All IP’s reverse DNS entries should resolve back to IP address (IP → PTR → IP). Many mail servers are configured to reject e-mails from IPs with inconsistent reverse DNS configuration.
Then we a B-status here: https://sritest.io/#report/6a9a460a-3e51-4edb-aec2-addc59be4dda
polonus
Thanks, Polonus, for this advice.
But now I’m lost and don’t know what to do…
Should be taken up with fabulous dot com - domain name phishing and spam abuse…
Observed subdomains
-www.type2diabetestreatment.net
-karaktervolhaitula.type2diabetestreatment.net
-bolsevikkejeprealistisiin.type2diabetestreatment.net
-koersla.type2diabetestreatment.net
-enmesh1-parmacety.type2diabetestreatment.net
-narcissique.type2diabetestreatment.net
-railstunshapesvleesboom.type2diabetestreatment.net
-obstruer.type2diabetestreatment.net
-jetslag-multiplicaties.type2diabetestreatment.net
-purppurivalssi-fed0.type2diabetestreatment.net
But wait for an Avast Team Member to explain the abuse to you, and why site or IP has become blocked
and site is shown as dangerous by AOS!
Also consider: https://www.virustotal.com/nl/domain/fabulous.com/information/
avast detects JS:HideLink-A [Trj] there. fabulous dot com is your registrar!
polonus (volunteer website security analyst and website error-hunter)
But Fabulous.com is one of the biggest domain registrars worldwide!
Now I don’t understand anything…
Start learning and for now find someone who does have relevant knowledge and let him/her help you to solve the problems.
And yes, it can be you need to get paid help.
Eddy, maybe the paid help is my need, but I don’t have the money for. Please spare such the advises for you. Better give a report why the domain was blacklisted.
Thanks.
We already told you why the IP is very likely blocked.
If you don’t have the money for a hired help, start learning (fast) and solve the problems yourself.
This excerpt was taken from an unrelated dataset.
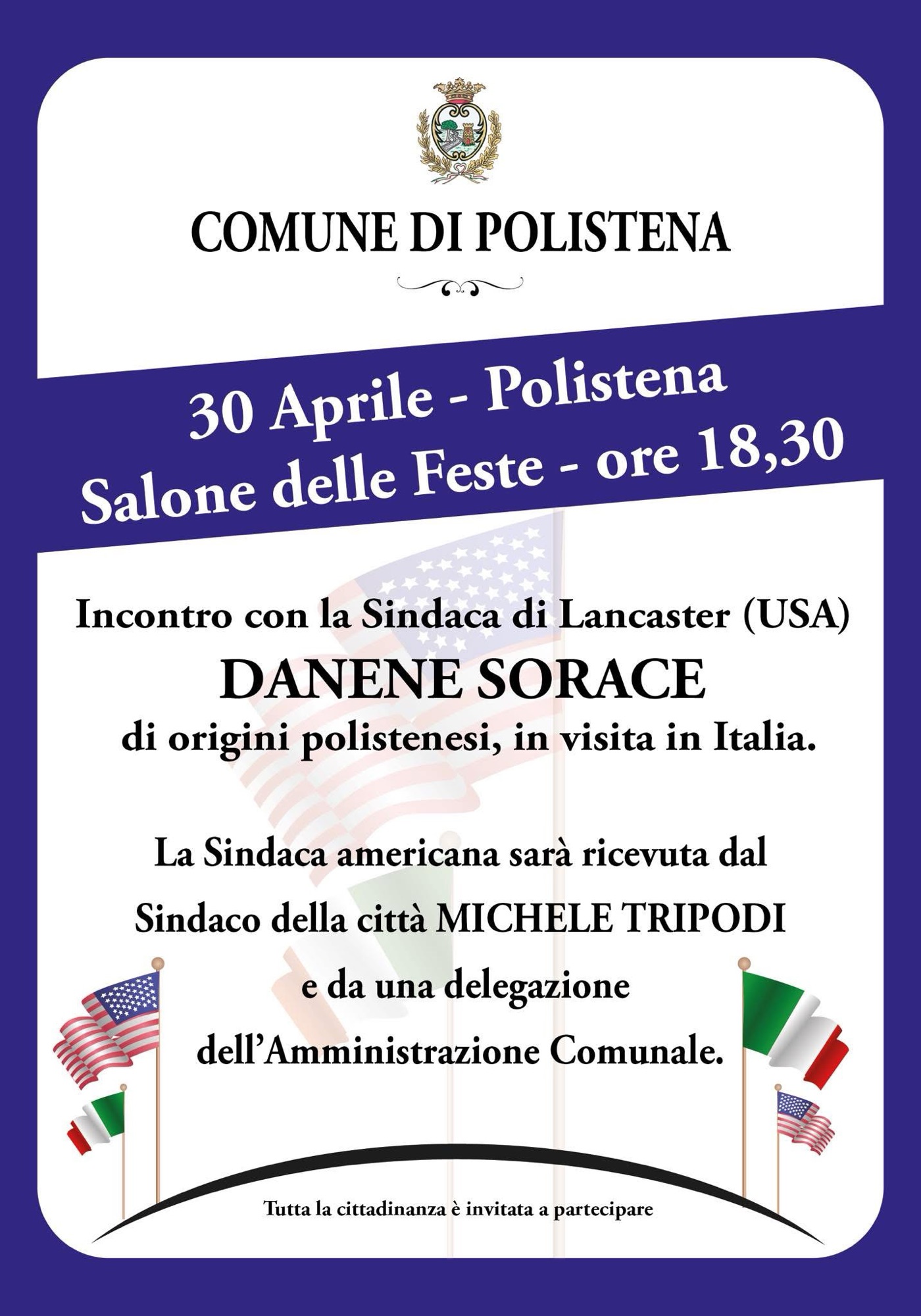 POLISTENA – Una visita speciale quella in programma per mercoledì 30 aprile a Polistena. La città si prepara infatti ad accogliere Danene Sorace, sindaca di Lancaster, cittadina della Pennsylvania (USA), che vanta origini polistenesi.

There really isn’t anything we can do as we do not have access to that server and your settings.
Let us wait for an Avast Team Member to comment the situation.
But it seems that there are issues:
https://mxtoolbox.com/domain/type2diabetestreatment.net/ 1 error and 8 warnings.
polonus
Thanks, guys, for the information.
Now I will setup a completely fresh WP and will see if Avast will find some suspicious scripts.
And we wait for an Avast team response.
I deleted all files on my domain, all databases and installed a fresh WP.
There is nothing more what should have the HTML:Script-inf on virustotal.
But Avast shows it.
So: It cannot be my site! WP itself infected?